## Extracted entries
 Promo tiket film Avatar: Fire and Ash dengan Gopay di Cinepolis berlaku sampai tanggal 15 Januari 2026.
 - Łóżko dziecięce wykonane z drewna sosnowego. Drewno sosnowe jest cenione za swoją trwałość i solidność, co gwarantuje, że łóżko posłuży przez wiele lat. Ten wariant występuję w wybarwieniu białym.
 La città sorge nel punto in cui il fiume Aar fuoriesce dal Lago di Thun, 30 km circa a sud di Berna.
---
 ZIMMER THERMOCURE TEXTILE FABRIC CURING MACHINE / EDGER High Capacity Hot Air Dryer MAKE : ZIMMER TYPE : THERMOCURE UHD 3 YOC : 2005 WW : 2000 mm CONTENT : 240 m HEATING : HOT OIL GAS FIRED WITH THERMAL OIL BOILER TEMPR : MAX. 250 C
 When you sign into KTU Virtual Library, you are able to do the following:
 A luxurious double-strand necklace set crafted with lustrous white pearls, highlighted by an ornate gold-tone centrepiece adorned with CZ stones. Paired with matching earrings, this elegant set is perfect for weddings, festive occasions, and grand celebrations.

## Action item
Where the listing above has a line with "ZIMMER THERMOCURE TEXTILE", start there, and output every line exactly through the line with "A luxurious double-strand", which is also included.

## Response for this exercise
 ZIMMER THERMOCURE TEXTILE FABRIC CURING MACHINE / EDGER High Capacity Hot Air Dryer MAKE : ZIMMER TYPE : THERMOCURE UHD 3 YOC : 2005 WW : 2000 mm CONTENT : 240 m HEATING : HOT OIL GAS FIRED WITH THERMAL OIL BOILER TEMPR : MAX. 250 C
 When you sign into KTU Virtual Library, you are able to do the following:
 A luxurious double-strand necklace set crafted with lustrous white pearls, highlighted by an ornate gold-tone centrepiece adorned with CZ stones. Paired with matching earrings, this elegant set is perfect for weddings, festive occasions, and grand celebrations.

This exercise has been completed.